Menstrual disorders in adolescents and young adults with eating disorders.

机构信息

Division of Adolescent Medicine, Cohen Children's Medical Center, Northwell Health, 410 Lakeville Road, Suite 108, New Hyde Park, New York 11042, USA; Donald and Barbara Zucker, School of Medicine at Hofstra / Northwell, Hempstead, New York, USA.

Division of Adolescent Medicine, Cohen Children's Medical Center, Northwell Health, 410 Lakeville Road, Suite 108, New Hyde Park, New York 11042, USA; Donald and Barbara Zucker, School of Medicine at Hofstra / Northwell, Hempstead, New York, USA.

出版信息

Curr Probl Pediatr Adolesc Health Care. 2022 Aug;52(8):101240. doi: 10.1016/j.cppeds.2022.101240. Epub 2022 Jul 28.

DOI:10.1016/j.cppeds.2022.101240
PMID:35909056
Abstract

Although amenorrhea is no longer a specific criterion required to make the diagnosis of anorexia nervosa (AN), the relationship between restrictive eating and menstrual status remains important in the diagnosis, treatment, and consequences for patients with eating disorders.

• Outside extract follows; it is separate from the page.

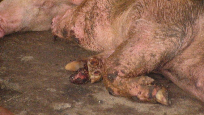 | Cận cảnh một con heo bị lở mồm, long móng. |

Clinicians should understand the relationship between menstrual irregularities and malnutrition due to eating disorders, as it may be possible to intervene sooner if the diagnosis is made earlier. Treatment of AN (in those who are underweight) and atypical AN (in those who are not underweight) is aimed at cessation of restrictive thoughts and behaviors, restoration of appropriate nutrition and weight, and normal functioning of the body. While eating disorder thoughts and behaviors are helped by both therapy and nutrition, regular functioning of the body, including regular menstruation, is linked to both appropriate nutrition and weight. Patients who are not underweight based on their body mass index (BMI) may still have oligo/amenorrhea due to their caloric restriction; thus any patient who has irregular menses should have a detailed dietary evaluation as part of their workup. Timely diagnosis and treatment of patients with eating disorders and amenorrhea is important due to the impact on bone mass accrual for adolescents who have prolonged amenorrhea. Menstrual abnormalities may also be seen in patients with bulimia nervosa (BN).

摘要

尽管闭经不再是诊断神经性厌食症 (AN) 的特定标准,但限制饮食与月经状况之间的关系在饮食障碍患者的诊断、治疗和后果中仍然很重要。临床医生应该了解与饮食紊乱相关的月经不规律和营养不良之间的关系,如果更早地做出诊断,可能更容易进行干预。AN(体重不足的人)和非典型 AN(体重正常的人)的治疗旨在停止限制性的思维和行为,恢复适当的营养和体重,以及身体的正常功能。虽然饮食障碍的思维和行为既可以通过治疗也可以通过营养来改善,但身体的正常功能,包括正常的月经,与适当的营养和体重都有关系。根据体重指数 (BMI) 体重不足的患者可能仍然由于热量限制而出现少经/闭经;因此,任何月经不规律的患者都应该进行详细的饮食评估作为其检查的一部分。由于青春期患者长期闭经会影响骨量积累,因此及时诊断和治疗饮食障碍和闭经患者非常重要。月经异常也可能见于神经性贪食症 (BN) 患者。